The project uses standard Python tooling (Ruff, Black, pytest) and includes orchestration scripts under scripts/ and runtime_*/. No deep research expertise is required—just familiarity with running Python evaluations.

Limitations and Realistic Expectations

It’s crucial to understand what PaperBench doesn’t promise. As of the initial release:

The best-performing AI agent (Claude 3.5 Sonnet with open-source scaffolding) achieves only a 21.0% average replication score.
Human ML PhDs significantly outperform all current models on the same tasks.

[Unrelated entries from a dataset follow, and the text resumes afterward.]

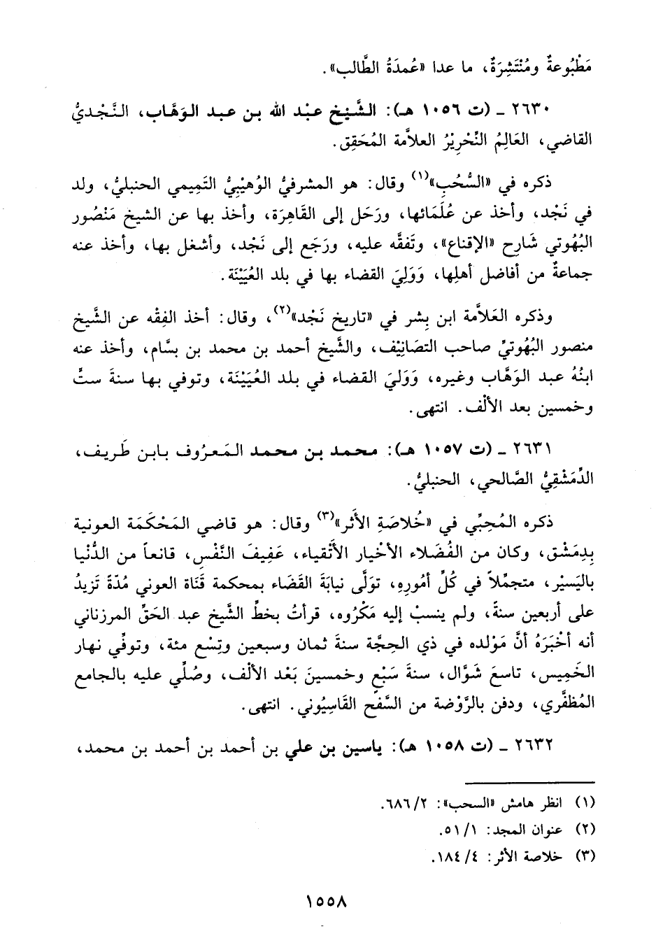 2630 - (ت 1056 هـ): الشَّيْخ عبْد الله بن عبد الوَهَّاب، النَّجْديُّ القاضي، العَالِمُ النِّحْرِيْرُ العلَّامة المُحَقِق.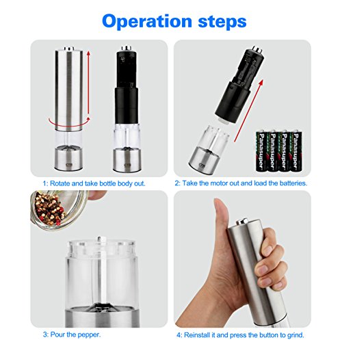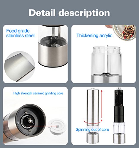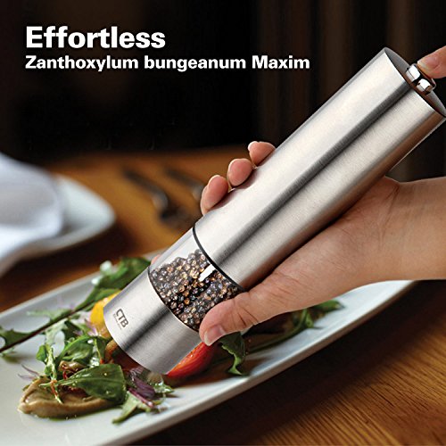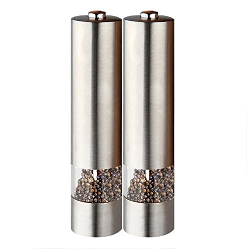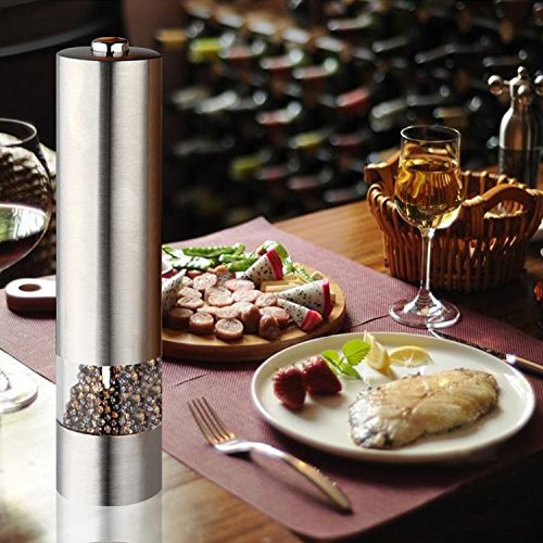 - A BUILT-IN LED LIGHT AND WINDOW DESIGN : High-quality, durable stainless steel with window ; electronically operated salt grinder to illuminate as it grinds.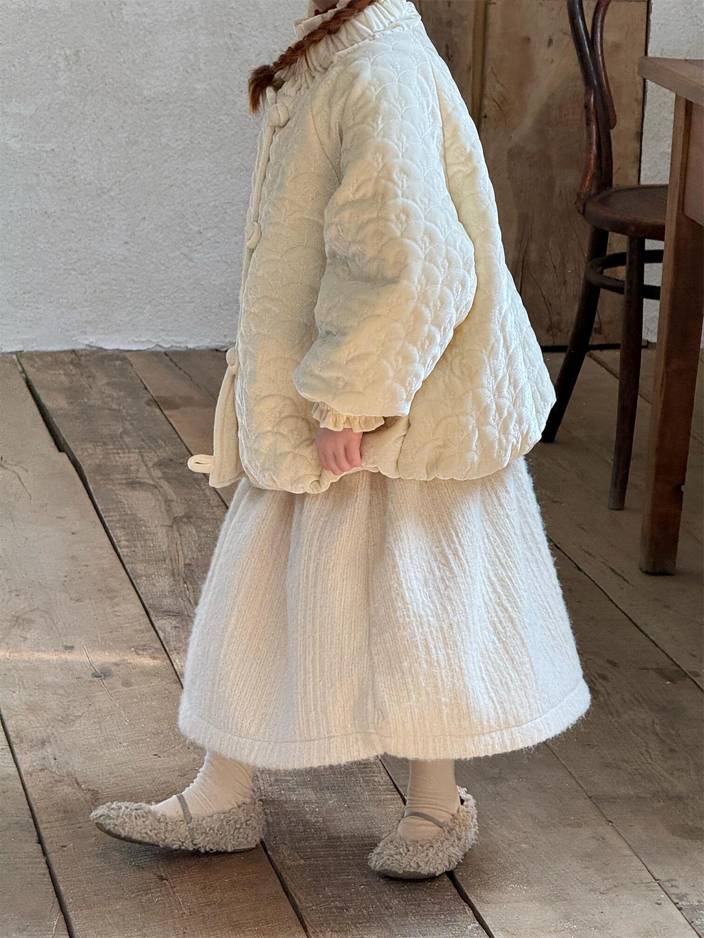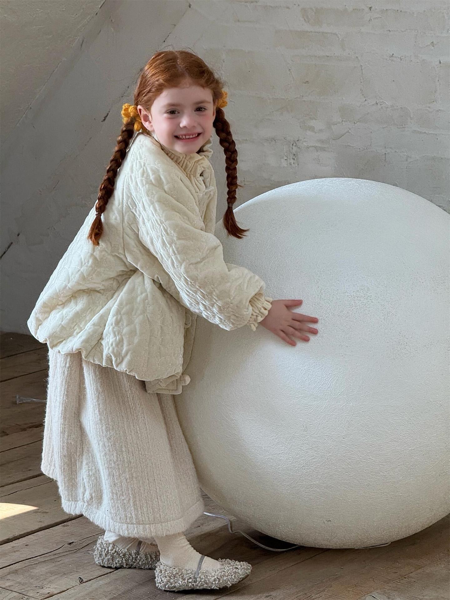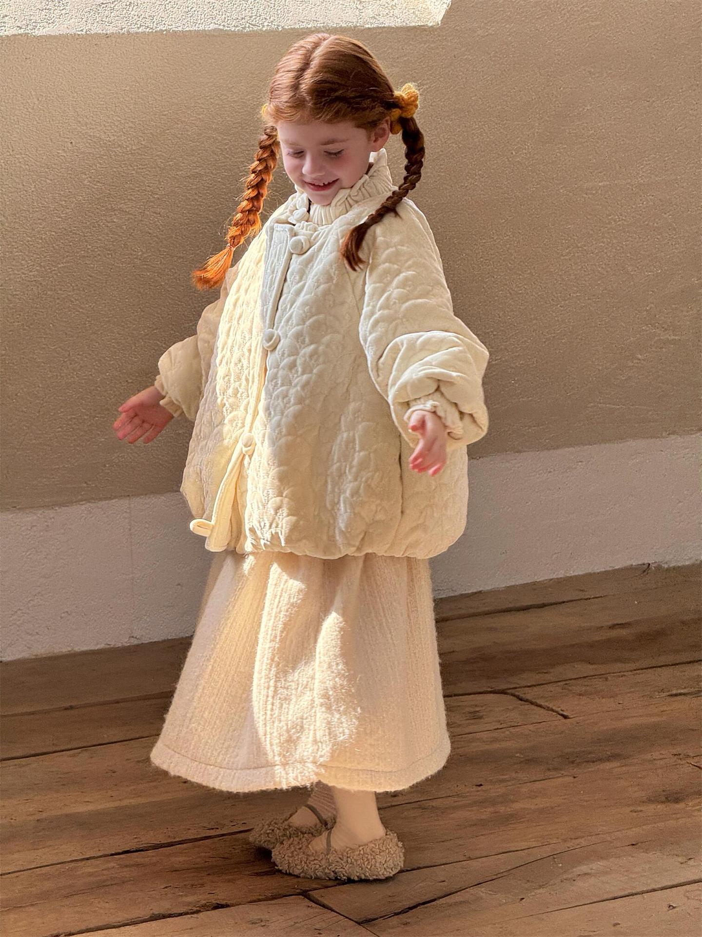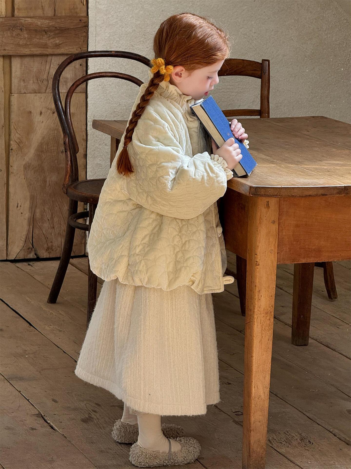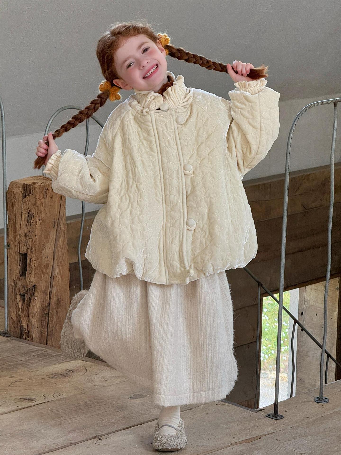 ふっくらとした中わた入りのジャケットコートは、全面に施された刺繍エンボス加工がロマンティックなムードを醸し出します。ベルベットのような柔らかな素材感が、ガーリーで愛らしい印象を与え、冬のコーディネートを華やかに彩ります。暖かさとデザイン性を兼ね備えたこのアウターは、お出かけにぴったりのスイートな子ども服です。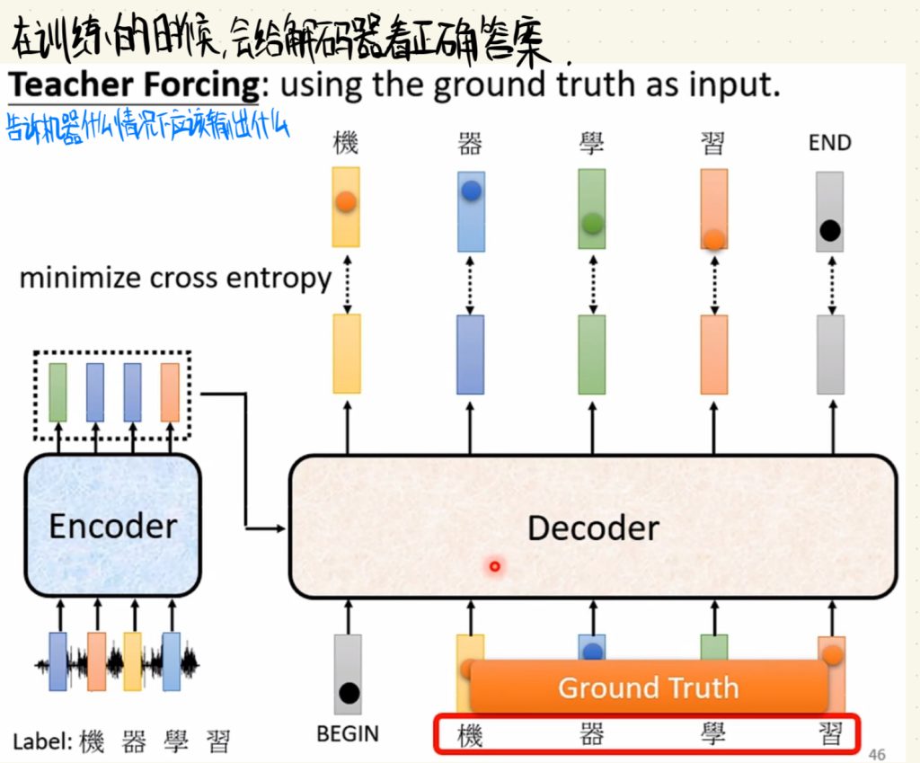 然后在训练的时候,一般会给解码器看正确的答案,告诉机器什么情况下应该输出什么。(这里的这个做法其实有问题,后面会再解释)
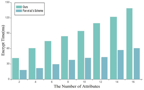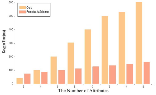 As shown in Figure 6, in the key generation stage, with the continuous increase of attributes, this scheme is superior to that in reference [7], and it will be more practical in key generation with multi-user and multi-attribute sets.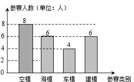 解:(1)由条形统计图可得:该校参加车模、建模比赛的人数分别是4人,6人;(每空,共2分)
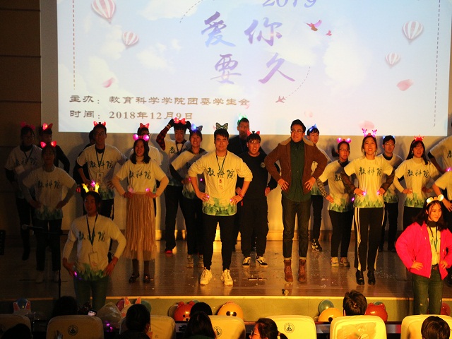12月9日晚7点,“爱你要久·双迎晚会”随着“舞蹈串烧”的律动拉开帷幕,教科院舞蹈队以一曲具有hiphop风格的齐舞瞬间点燃了全场。晚会在四位主持人满怀激情的祝词下,宣布正式开始。歌舞、小品、合唱、魔术等精彩的节目为观众呈现了丰富的视听盛宴,学前中美同学带来的说唱节目《离开》揭示了当代手机控的问题;带有古风元素的器乐合唱《红尘客栈》演绎了不一样的江湖风光;气势磅礴的太空史诗歌剧《star sky》将全场的气氛引向高潮;2018级新生自导自演的小品节目《送红包》用一种幽默的方式讽刺了社会上残留的不合理的医患关系;16、17级的学子用动感的舞蹈《dream party》展现了青春的飞扬;合唱节目《在希望的田野上》以青春的交响绽放华丽的激情,嘹亮的歌声令人沉醉;幻视幻听的魔术表演为晚会带来了欢乐而神秘的气息;等到18级全体新生带来的节目《啸园歌声》时,全场气氛达到高潮,场下观众纷纷都挥舞手中的荧光棒一起跟唱;接下来的节目是程啸老师改编的《我要你》,娓娓动听的歌声里表达了18级辅导员对新生的期待和祝福。
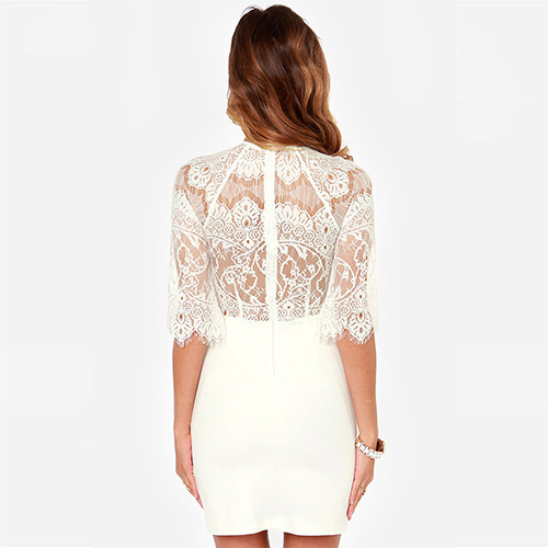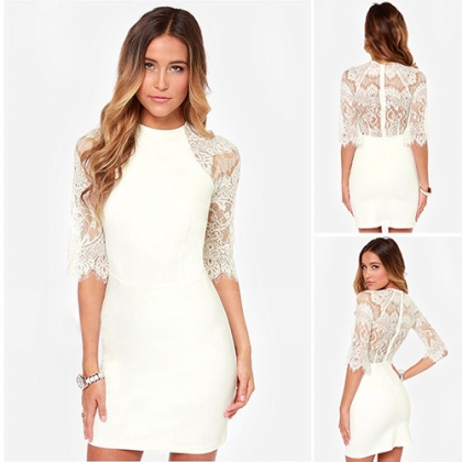 Your sexy flavor and charming figure will shine in this dress. It features lace spliced design,filled with sweet and seductive flavor. Half sleeve,round neck,slim fit and package hip design,perfect show your slender curve.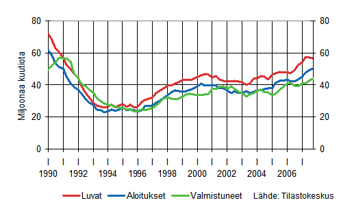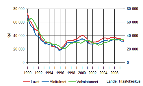 Asuinrakentamisen vuosia jatkunut kasvu tasaantui vuonna 2006 ja kääntyi lievään laskuun vuonna 2007. Vuonna 2007 aloitettiin noin 30 500 uuden asunnon rakennustyöt, mikä on noin 3 500 asuntoa vähemmän kuin vuotta aiemmin. Aloitusten väheneminen näkyy kaikissa asuinrakennustyypeissä: Omakotitaloasunnot -1 400 kpl, rivitaloasunnot -1 400 kpl ja kerrostaloasunnot -700 kpl. Vuonna 2007 myönnettiin rakennusluvat noin 32 700 uudelle asunnolle, mikä on 8 prosenttia vähemmän kuin vuotta aiemmin.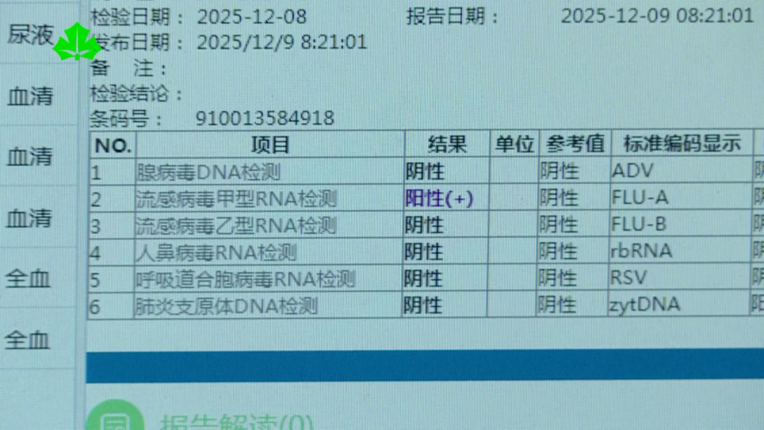 进入12月以来,上海市公共卫生临床中心流感病毒阳性率持续攀升,5至14岁患儿占到了所有流感确诊病例的三分之二,其中又有近70%的患儿存在病原体混合感染的情况。6岁的然然5天前因支原体肺炎入院,治疗第二天经核酸检测确诊同时感染了甲型H3N2流感病毒。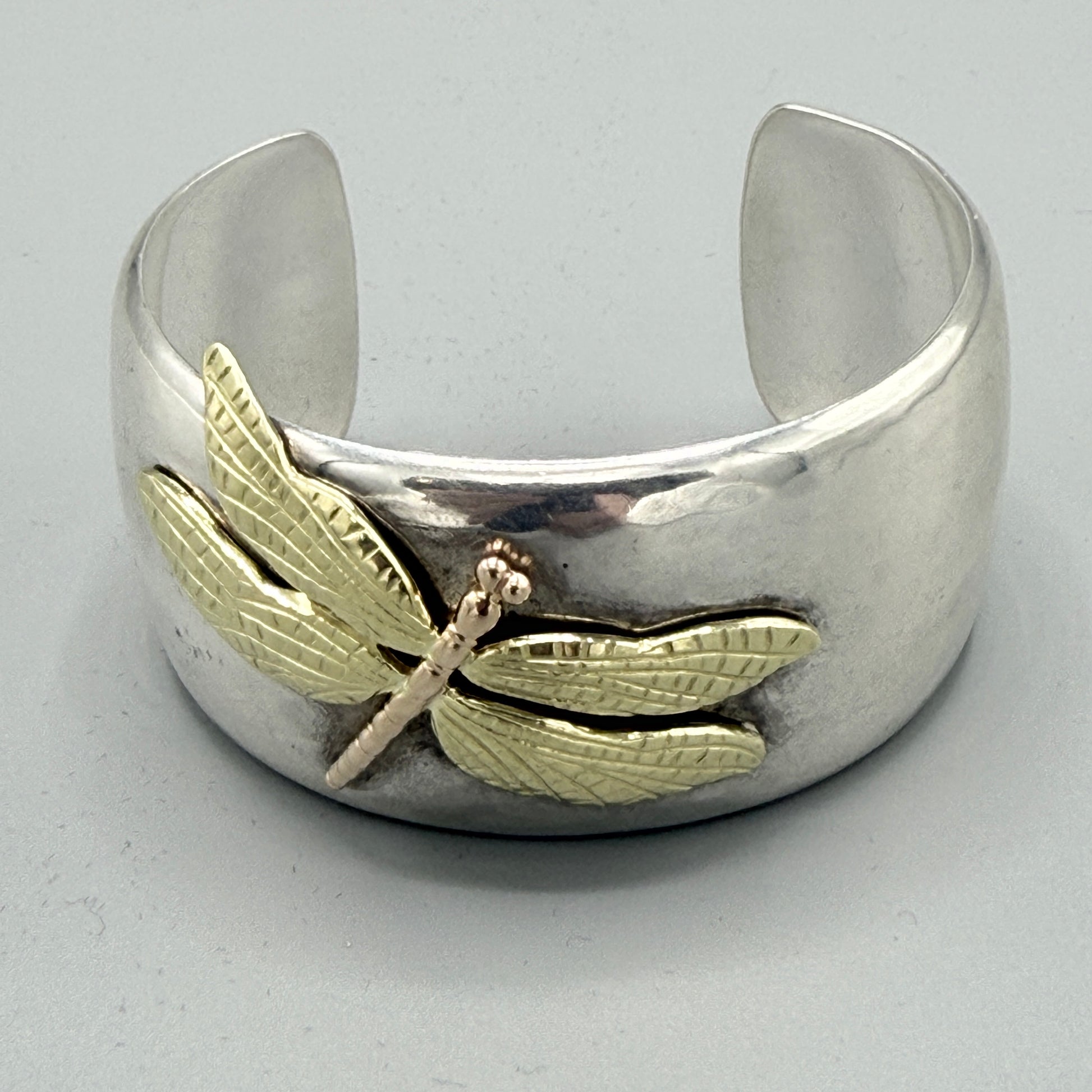 Estate Tiffany & Co. Sterling Silver and 18KT Rose and Yellow Gold Dragonfly Cuff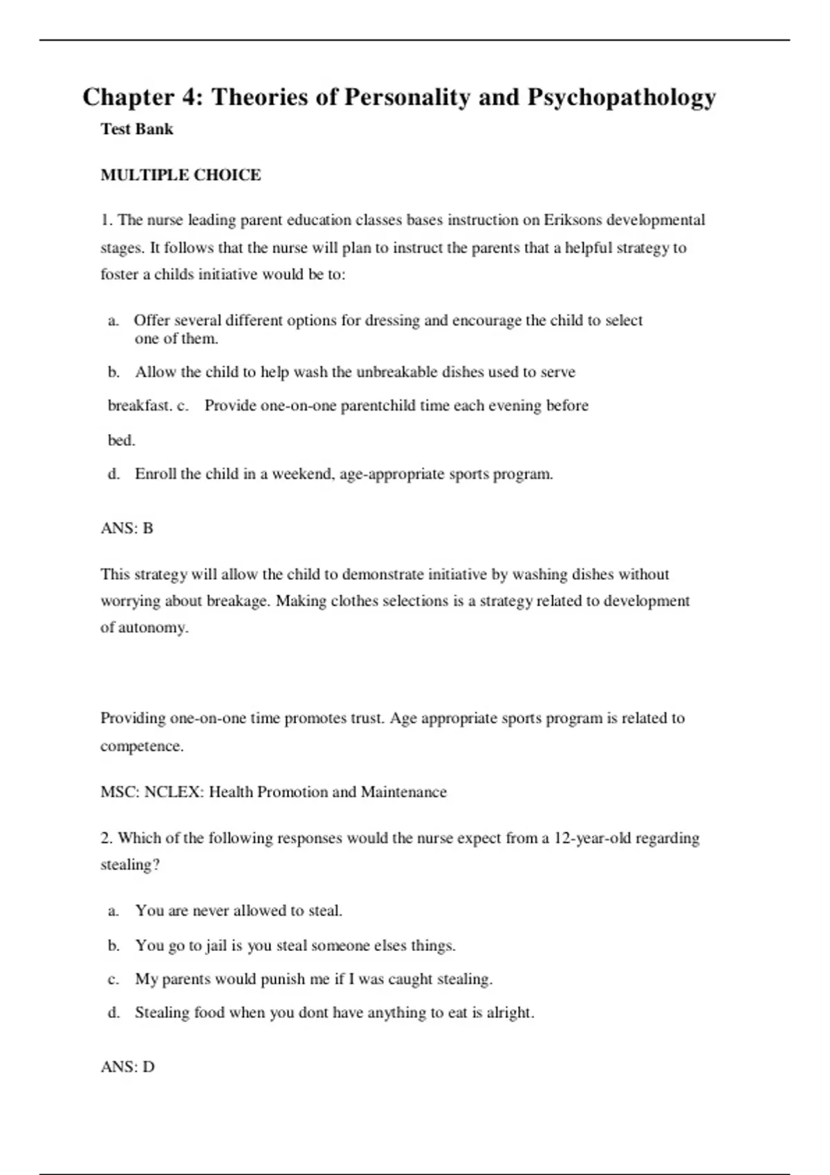 MSC: NCLEX: Health Promotion and Maintenance, Psychosocial Integrity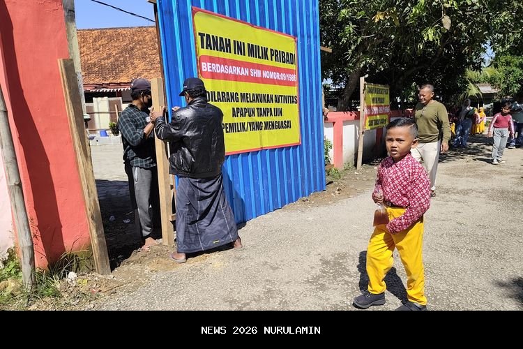 Ia juga memasang penutup berbahan material seng berwarna biru lengkap dengan tulisan 'Tanah ini milik pribadi berdasarkan SHM nomor :09/1986. Dilarang melakukan aktivitas apa pun tanpa izin pemilik atau yang menguasai'.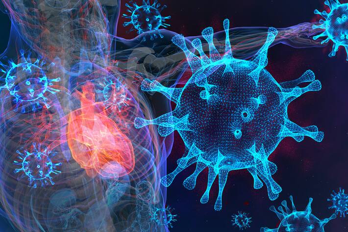 Depending upon the severity of the infection, this may lead to Heart attack, chest pain, and stroke. Dysrhythmias like atrial fibrillation. Heart failure and non-ischæmic cardiomyopathy. Clot formation and its migration (embolism) deep vein thrombosis. Pericarditis and Myocarditis are inflammations of the inner lining of the heart.

This means PaperBench measures emerging capability, not production-ready automation. It’s ideal for assessment, comparison, and roadmap planning—not for replacing human researchers yet. Use it to set baselines, track progress, and make informed decisions about where (and where not) to deploy AI in your R&D pipeline.

Summary

PaperBench redefines how we evaluate AI’s engineering competence by testing its ability to replicate real, cutting-edge AI research from paper to working code. With author-validated rubrics, scalable automated judging, and open-source infrastructure, it provides technical decision-makers with a rigorous, realistic, and actionable benchmark. If you’re evaluating whether AI can meaningfully contribute to your research or development workflow, PaperBench offers the clearest lens available today.